One-hundred years in the future a genetic mutation creates a race of humans called hemophages. The mutation gives them superhuman speed, stamina and intelligence. The government becomes increasingly afraid of their powers, so it sets about imprisoning them and eventually “disappearing” the mutants.

Violet and Nerva lead a group of guerilla hemophages determined to fight back against the government. They learn that maximum leader Daxus has created an antigen that will specifically target and wipe out the hemophages, so Violet and Nerva plot to steal and destroy it. One problem: they discover that the “antigen” is housed in the blood of a young boy named Six.

This leaves Violet with a problem: Her fellow hemophage guerillas want to kill the boy. But her maternal instincts won’t let her allow it.
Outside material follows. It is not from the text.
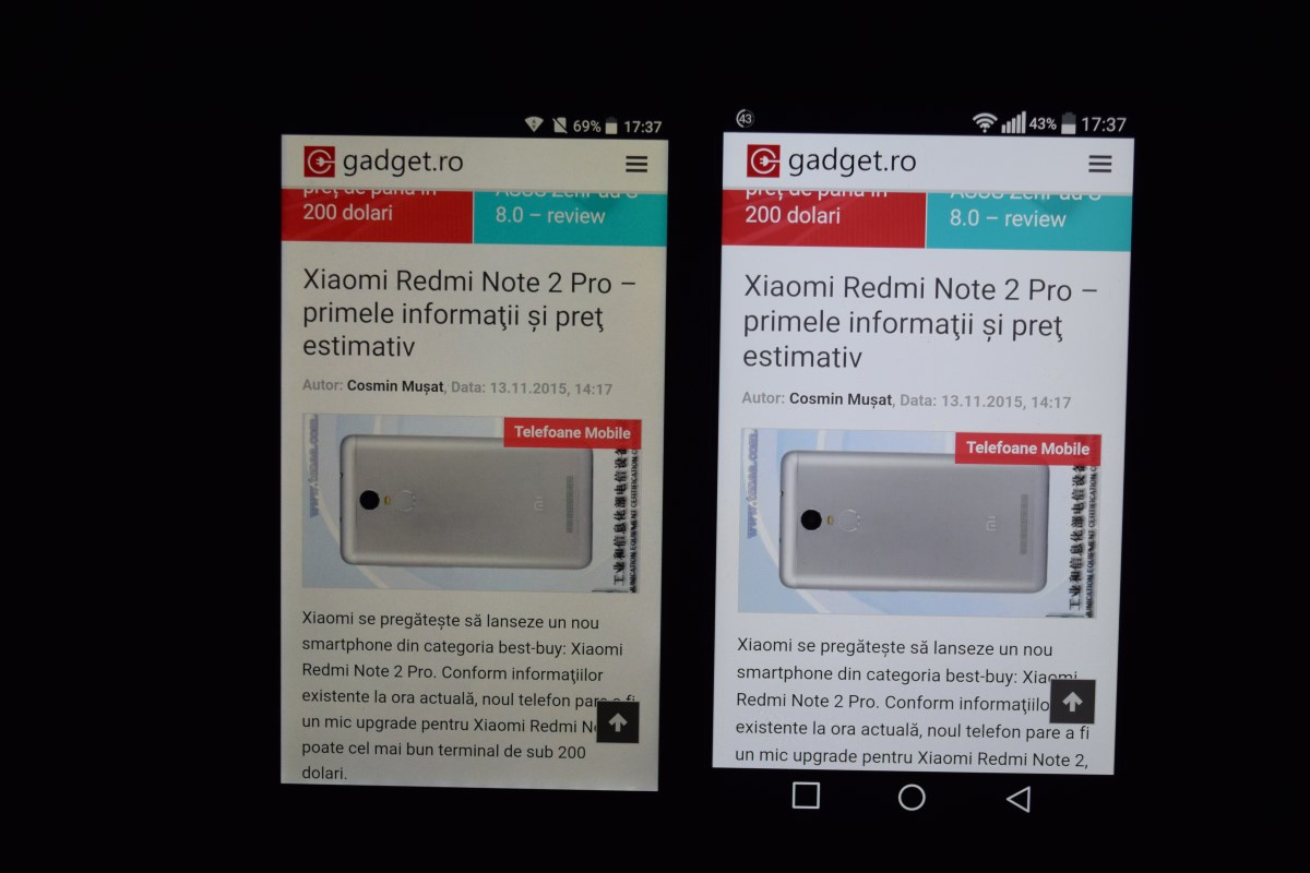 Luminozitate 100% între UMi eMax Mini vs LG G2

So she soon finds herself at odds with both her fellow mutants and the government forces marshaled by Daxus.


Positive Elements

Despite the danger to herself and to her comrades, Violet goes to extreme lengths to protect Six. Garth also puts himself at risk in helping both Violet and Six. The value of humanity in all its forms is affirmed when Violet explains her empathy for the boy: “I got sick, and somehow now I’m something less than human, something worthy of extermination.”

Spiritual Elements

Garth says that several hours of surgery and “a lot of prayer” helped him save an injured Violet. In a final showdown, Daxus asks Violet, “Do you believe in God? Do you think he’s merciful? Do you think he’ll welcome you into his arms like the so many you’ve sent his way?”

There are some indirect Christian allusions in the story, too, particularly in the discussions of Six’s blood having the power to heal. In one image, he is hung by his hands and threatened with death, and the shape of a cross dominates the background. The building containing the laboratory where the blood antigen was formulated is laid out in the shape of a large cross (as are doorways within it). Violet receives wounds in her wrists and feet as blood is drawn for analysis. She later says that she hopes to have her body cured the way someone else—not named in this story—cured her soul.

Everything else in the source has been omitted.